Over the winter, Justseeds worked with some of the organizers of the new Poor People’s Campaign to create a popular education portfolio for PPC activists and organizers to use during regional and local teach-ins. It’s what I would call “service design”: the PPC determined which quotes and slogans they wanted participating artists to work on, and we either selected or were assigned something from their list. From that point we had the freedom to design. Here’s the print I created.  Justseeds member Mary Tremonts and I just opened a show with this portfolio at Pullproof Studio, a new screenprint workshop in Pittsburgh. Pittsburgh City Paper dropped off a short little article about  the show (I'm pretty tired of being quoted out of context but it's almost inevitable).

Right now we’re working on a new portfolio with Escuela de Cultura Popular Mártires del 68, the vast collective we met with in Mexico City at this time last year! Check out my design for the project.
AND I’ll have a couple older pieces in an upcoming Justseeds coloring book...

Thanks again for parsing through this update,
and for drawing connections in the places you can!

Media I've enjoyed and recommend:

I’ve not been able to stop listening to Erykah Badu’s But You Cain’t Use My Phone mixtape.

Robin Wall Kimmerer (Potawatomi) interviewed with On Being.
Her book Gathering Moss was a big inspiration on my collaborative project with botanist Jessica McPherson, A Field Guide to the Mosses of the Leslie Park Pool in 2012.

Nikhil Pal Singh interviewed on Intercepted.
Black is a Country and Race and America’s Long War are now on my to-read list.

Except insomuch as they might operate as research tools, I’m deeply bored by the idea of online-only museums (and, perhaps worse, online-only art exhibits). Yet I couldn’t get enough of Below the Surface, an online database/museum of excavations from River Amstel in Amsterdam. Just spend some time with it - I loved clicking randomly through eras using the timeline on the right-hand side.

Maximillian Alvarez: “Antifascim and the Left’s Fear of Power”. “One starts to sense that, absurd caricatures and cynical fearmongering aside, the right has a better grasp on the radical core of antifascism than do many on the left. The right recognizes that what we call “antifa” today is simply one arm of a broader movement. This is a movement comprised of diverse leftist groups whose commitment to antifascism is entirely inextricable from their collective drive to upend the existing social forces of inequality, domination, exclusion, and violence that fascists and proto-fascists wish to seize and weaponize for their own ends.”

Adam Greenfield, “A Sociology of the Smartphone”, excerpt from The Design of Everyday Life.
It’s not the kind of article you might think it is.

Asad Haider, Mistaken Identity: Race and Class in the Age of Trump.
Political movement and solidarity has been slowly destroyed on the left, and what remains is the anxious performance of our individual identities and surveillance of other’s identities. This book is a needed counterpoint to some of the problems of individualism I’ve been watching boil over in my communities lately. (aside: can we please stop using Donald Trump’s name to describe any era of time or geographical region? Like if I hear “age of Trump” or “Trump’s America” again my head is going to fucking explode... )
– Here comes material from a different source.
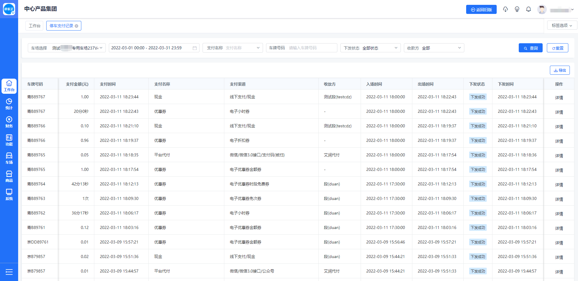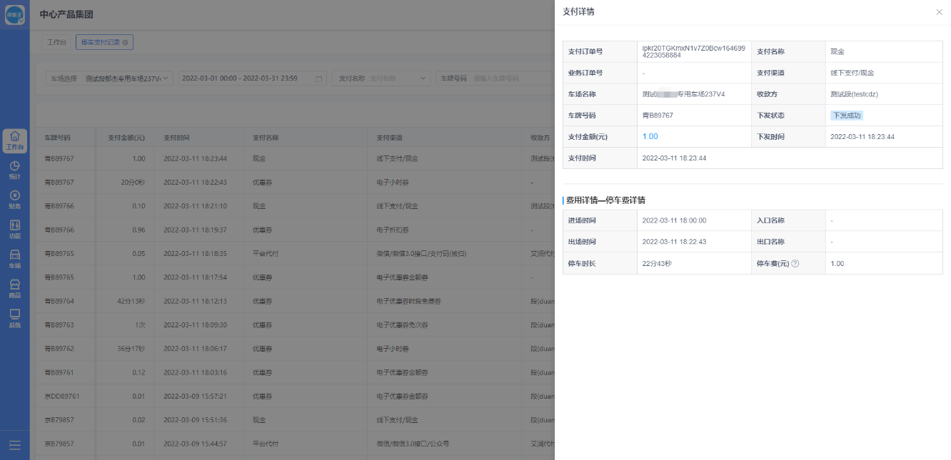 支付订单相关信息:如果支付订单号、支付时间、支付金额、支付名称、支付渠道、收款方、车牌号码、支付下发状态、支付下发时间……

Claire Vaye Watkins, Gold Fame Citrus.
Only fiction I’ve read in a short while, and I deeply appreciated that I couldn’t immediately explain how it was making me feel. Also, this is the kind of post-apocalyptic hellscape I will actually make time to read these days. Whatever you do later, take some time to read her essay "On Pandering" sooner.

Steven Stoll, Ramp Hollow: The Ordeal of Appalachia.
Everyone wants you to read this lately, and for good reason. My dad says “A very laborious endeavor, but an extremely interesting book,” so he’s not getting paid to write reviews.
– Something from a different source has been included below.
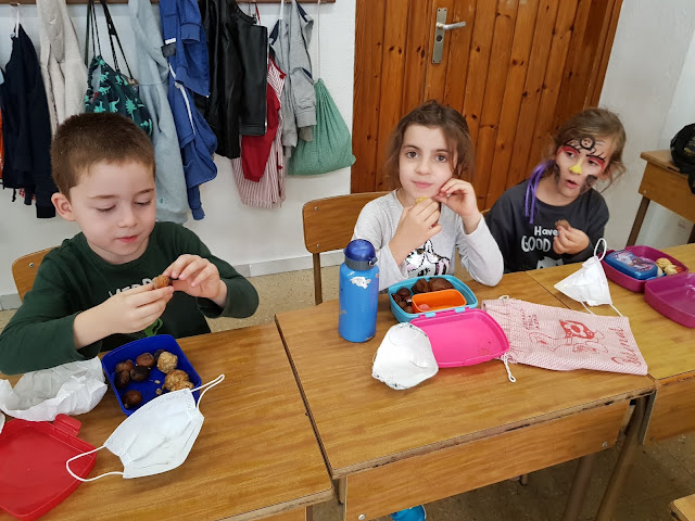 Quina tarda més completa, la del 30 d’octubre! A l’escola hi va haver de tot. Vam fer una manualitat de la castanyera, vam fer un berenar tradicional amb la visita sorpresa de la CASTANYERA i per últim vam cantar i ballar amb la música de les cançons: “La castanyera rokera i La rumba de les castanyes”.

Neal Shirley & Saralee Stafford, Dixie Be Damned.
I really wish these authors weren’t so frightened by being good history writers, because they wrote one of the better books on the US Southeast I’ve ever read yet seem poised to never bother another book.

Paulo Freire & Myles Horton, We Make the Road by Walking: Conversations on Education and Social Change.
Friend/mentor Greg Pond has me reading this right now (“This is what you DO!”), and I’m just starting to wrap it up. I find myself halfway reflective, halfway inspired... as in perhaps it’s “what I do” and also “what I will do better” in the near future.
Multi-tasking is considered an asset in this civilization, but lately I’ve been thinking it’s more of a liability, and it makes me want to abscond to a secluded cabin for half of every month just to get my own work done. Ever feel that way? Do you have successful methods for dealing with being a creative person in this civilization? I want to hear about them (even if you just end up telling me to drink herbal tea in a scented salt bath)! Call me or email me so we can discuss living better…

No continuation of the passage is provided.